I have written a program that uses pre-calculated data that is currently
in a binary file. The program needs to access about 1 Mb of data in the
binary file that is scattered across the 500 Mb file.
Should the program read piecewise from the file to get all the data it
needs, or load the entire contents into memory and then read the bits it
needs?
Yes.
Which is just a way of saying: it depends. The general rule
would be to write the data as simply formatted text, and parse
it. If it's 500 Mb binary, however, that's likely to be a
little slow. And you can't seek to an arbitrary position in a
text file. A binary format might help; it could be faster, and
depending on the format, you may or may not be able to
effectively use seek to only read the relevant parts.
If the data has no historical value (i.e. you don't have to save
it---it's only used for communicating between these two
programs), and you can ensure that the two programs are running
on the same machine, and have been compiled with the same
compiler (and version), using the same options, then you can
consider using a binary dump of the memory. In that case, the
"best" solution is probably implementation specific: mmap under
Unix, CreateFileMapping under Windows.
Maybe more importantly, is the binary file technique the best
one to use given the circumstances or is there a better
technique out there?
It depends a lot on how long the data have to persist. If
there's even the slightest risk that you'll have to read them
with a future version of your program, or even a recompiled
version, then you need to define a format, and use it.
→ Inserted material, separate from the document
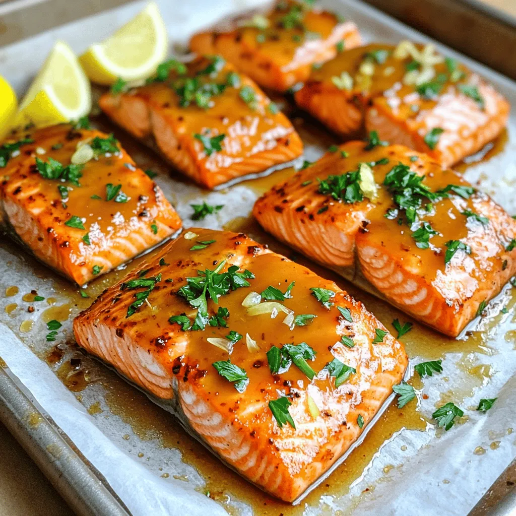 - 4 salmon fillets (about 6 ounces each) - 1/4 cup pure maple syrup - 2 tablespoons soy sauce (or tamari for gluten-free) - 3 cloves garlic, minced - 1 tablespoon fresh ginger, grated - 1 tablespoon olive oil - Salt and pepper - Fresh parsley or chives, chopped (for garnish) - Lemon wedges (for serving) When you gather your ingredients, focus on quality. Fresh salmon is key. Look for fillets that are bright and moist. Pure maple syrup brings a rich sweetness that pairs well with salmon. Choose a light soy sauce for a balanced flavor. Fresh garlic and ginger add depth and warmth. Olive oil helps combine everything and keeps the salmon moist. For seasoning, a sprinkle of salt and pepper enhances the salmon's natural taste. Fresh herbs like parsley or chives not only add color but also a fresh touch. Finally, lemon wedges bring brightness and acidity to your dish, making each bite pop. With these ingredients, you create a dish that feels special and tastes amazing. First, grab a mixing bowl. Add 1/4 cup of pure maple syrup, 2 tablespoons of soy sauce, 3 cloves of minced garlic, and 1 tablespoon of grated ginger. Whisk these ingredients well until they blend smoothly. This mix gives the salmon its sweet and savory flavor. Next, set aside half of this marinade for glazing later. This step is key to adding more flavor at the end. Now, take your 4 salmon fillets. Place them in a shallow dish. Pour the remaining marinade over the fillets. Make sure each piece is coated well. Cover the dish and let it marinate in the fridge for 30 minutes. This time allows the fish to soak up all the tasty flavors. While the salmon marinates, preheat your oven to 400°F (200°C). Get a baking sheet and line it with parchment paper or lightly grease it. After marinating, take the salmon out of the fridge. Place the fillets on the baking sheet, skin side down. Bake for 15 to 20 minutes. The salmon is done when it flakes easily with a fork. In the last 5 minutes of baking, brush the reserved marinade over the salmon. This adds an extra layer of yum. When the salmon is ready, take it out of the oven. Sprinkle with salt and pepper to taste. For a fresh touch, garnish with chopped parsley or chives. Serve hot with lemon wedges on the side for a bright finish. - Quality of ingredients used: Start with fresh salmon fillets. Use pure maple syrup, not imitation. Fresh garlic and ginger enhance the taste. Fresh herbs like parsley or chives add brightness. - Importance of marination time: Marinate the salmon for at least 30 minutes. This allows the flavors to soak in. If you have more time, marinate it for up to 2 hours. - Tips for perfect baking: Preheat your oven to 400°F (200°C). Line your baking sheet with parchment paper. Place the salmon skin-side down for even cooking. - Recommendations for checking doneness: Bake for 15-20 minutes. Check if the salmon flakes easily with a fork. It should be opaque in color. - Ideal side dishes: Serve with steamed broccoli or roasted asparagus. Quinoa or rice can make a great base. - Pairing flavors for a complete meal: Lemon wedges add brightness. A light salad with vinaigrette complements the dish well. {{image_2}} To make this recipe gluten-free, you can swap soy sauce for tamari or coconut aminos. Both options taste great and keep the dish safe for gluten-sensitive eaters. Tamari is richer and adds a nice depth of flavor. Coconut aminos is sweeter and milder. Both will blend well with the maple and garlic. You can take your glazed salmon to the next level by adding spices. A pinch of cayenne adds warmth without overpowering the dish. Smoked paprika brings a subtle smokiness that pairs well with the sweetness of maple. Fresh herbs like dill, mint, or basil can also brighten the flavors. Just mix them in the marinade or sprinkle over the top before serving. You have options when cooking this salmon. Grilling gives it a lovely char and smoky flavor. Just preheat your grill and cook the salmon for about six to eight minutes on each side. Baking is easier and requires less attention. It allows the salmon to cook evenly, especially in the oven at 400°F for 15-20 minutes. If you prefer pan-searing, heat some olive oil in a skillet. Cook the salmon skin-side down for about five minutes. Flip it over and cook for a few more minutes. Each method offers a unique taste and texture, so try them all! To keep your Maple Garlic Glazed Salmon fresh, use proper refrigeration techniques. First, let the salmon cool to room temperature. Then, place it in an airtight container. This helps keep moisture in and prevents odors from other foods. Store the salmon in the fridge. It will stay good for up to three days. When reheating the salmon, it's best to use gentle heat. The oven is a great choice. Preheat your oven to 300°F (150°C). Place the salmon on a baking sheet. Cover it with foil to keep it moist. Heat for about 10 minutes. This way, the salmon stays tender. Avoid overcooking it, as this can make it dry. Check it often to ensure it stays juicy. Yes, you can use frozen salmon. To thaw it, place the salmon in the fridge overnight. If you're short on time, you can seal the salmon in a bag and run it under cold water for about an hour. This keeps the fish safe and ready for cooking. You have a few good options if you want to swap maple syrup. Honey works well and adds a nice flavor. Agave syrup is another choice. Brown sugar mixed with water can also give you a sweet glaze. Just keep in mind that each option will change the taste a little. Look for a few signs to know your salmon is cooked. The fish should turn from a translucent pink to an opaque color. It should flake easily with a fork. If you have a food thermometer, aim for an internal temperature of 145°F (63°C) for perfect doneness. Yes, this recipe is great for meal prep. You can marinate the salmon a day ahead. Store the fillets in the fridge until you're ready to bake. Cooked salmon also keeps well. Just store it in an airtight contai

The format may be binary: binary formats are a lot harder to
debug, but generally end up with smaller files and faster
formatting and parsing. Although the difference isn't always as
much as one might think. Note too that it's possible to read
and write a file containing text in binary mode, to allow
seeking. If you want to go that route, you'll probably want to
ensure that all "records" have a fixed length. (If there are
different record types, consider storing them in separate
files.)